We hobbled to the doctor and back, picking up a wheel chair on the way home. The wheel chair testing was hilarious. First, the woman in the store just brought out the chair and said, “Here you go.” Thank God I asked if I needed to know anything because I later had to sign a paper stating that I had received training on how to use the thing. Once back at the house, I paraphrased my training as I instructed my aunt.

She swore that the wheel chair would not be an issue but I made her test it out before I left. There were some bumps in the first five feet, moving into the kitchen doorway; she ran over shoes twice in the process. “Are you sure you can fit through there?” I asked as she attempted to maneuver between a hutch and her 20-foot-long wooden table (OK, maybe it’s 10 feet; it’s definitely longer than my husband is tall). “Yeah, it’s fi…” Stuck. I moved the table a foot toward the door.

I watched as she moved into the kitchen, around the island and over toward her sitting room. She rolled around, back and forth, attempting to do some housework and test her reaching abilities. We were now getting somewhere.

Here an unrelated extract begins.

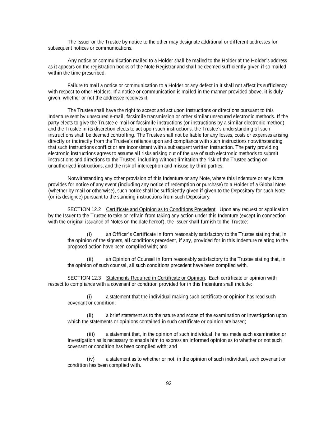 92 The Issuer or the Trustee by notice to the other may designate additional or different addresses for subsequent notices or communications. Any notice or communication mailed to a Holder shall be mailed to the Holder at the Holder’s address as it appears on the registration books of the Note Registrar and shall be deemed sufficiently given if so mailed within the time prescribed. Failure to mail a notice or communication to a Holder or any defect in it shall not affect its sufficiency with respect to other Holders. If a notice or communication is mailed in the manner provided above, it is duly given, whether or not the addressee receives it. The Trustee shall have the right to accept and act upon instructions or directions pursuant to this Indenture sent by unsecured e-mail, facsimile transmission or other similar unsecured electronic methods. If the party elects to give the Trustee e-mail or facsimile instructions (or instructions by a similar electronic method) and the Trustee in its discretion elects to act upon such instructions, the Trustee’s understanding of such instructions shall be deemed controlling. The Trustee shall not be liable for any losses, costs or expenses arising directly or indirectly from the Trustee’s reliance upon and compliance with such instructions notwithstanding that such instructions conflict or are inconsistent with a subsequent written instruction. The party providing electronic instructions agrees to assume all risks arising out of the use of such electronic methods to submit instructions and directions to the Trustee, including without limitation the risk of the Trustee acting on unauthorized instructions, and the risk of interception and misuse by third parties. Notwithstanding any other provision of this Indenture or any Note, where this Indenture or any Note provides for notice of any event (including any notice of redemption or purchase) to a Holder of a Global Note (whether by mail or otherwise), such notice shall be sufficiently given if given to the Depositary for such Note (or its designee) pursuant to the standing instructions from such Depositary. SECTION 12.2 Certificate and Opinion as to Conditions Precedent. Upon any request or application by the Issuer to the Trustee to take or refrain from taking any action under this Indenture (except in connection with the original issuance of Notes on the date hereof), the Issuer shall furnish to the Trustee: (i) an Officer’s Certificate in form reasonably satisfactory to the Trustee stating that, in the opinion of the signers, all conditions precedent, if any, provided for in this Indenture relating to the proposed action have been complied with; and (ii) an Opinion of Counsel in form reasonably satisfactory to the Trustee stating that, in the opinion of such counsel, all such conditions precedent have been complied with. SECTION 12.3 Statements Required in Certificate or Opinion. Each certificate or opinion with respect to compliance with a covenant or condition provided for in this Indenture shall include: (i) a statement that the individual making such certificate or opinion has read such covenant or condition; (ii) a brief statement as to the nature and scope of the examination or investigation upon which the statements or opinions contained in such certificate or opinion are based; (iii) a statement that, in the opinion of such individual, he has made such examination or investigation as is necessary to enable him to express an informed opinion as to whether or not such covenant or condition has been complied with; and (iv) a statement as to whether or not, in the opinion of such individual, such covenant or condition has been complied with.

“Maybe I will just have[her husband] move some things down here and I will just stay downstairs instead of moving between the upstairs and the downstairs,” she said logically. “Can you sleep on one of these couches?” I asked. “Yeah,” she replied and indicated which of the three that could accommodate tranquil sleep.

“What about the bathroom?” I asked. “Can your wheel chair fit through the doorway?”

“Oh yeah,” she said. “This house was built for this kind of stuff.”

Let me put it to you this way: she only made it into the bathroom because I made her bring her elbows together in front of her while I pushed her through the doorway after readjusting a few times. Pushing herself into the bathroom is not an option.

My friend, Justin, also 30, was recently home to care for his mother after she had some surgery. We connected on a day when I was finishing at one of my mother’s doctor’s appointments.

“Is this really the age when we become our parents’ caretakers?” I asked via text. I just assumed we had a few decades to go before all of this started. Apparently we were wrong. And now I am getting it three-fold.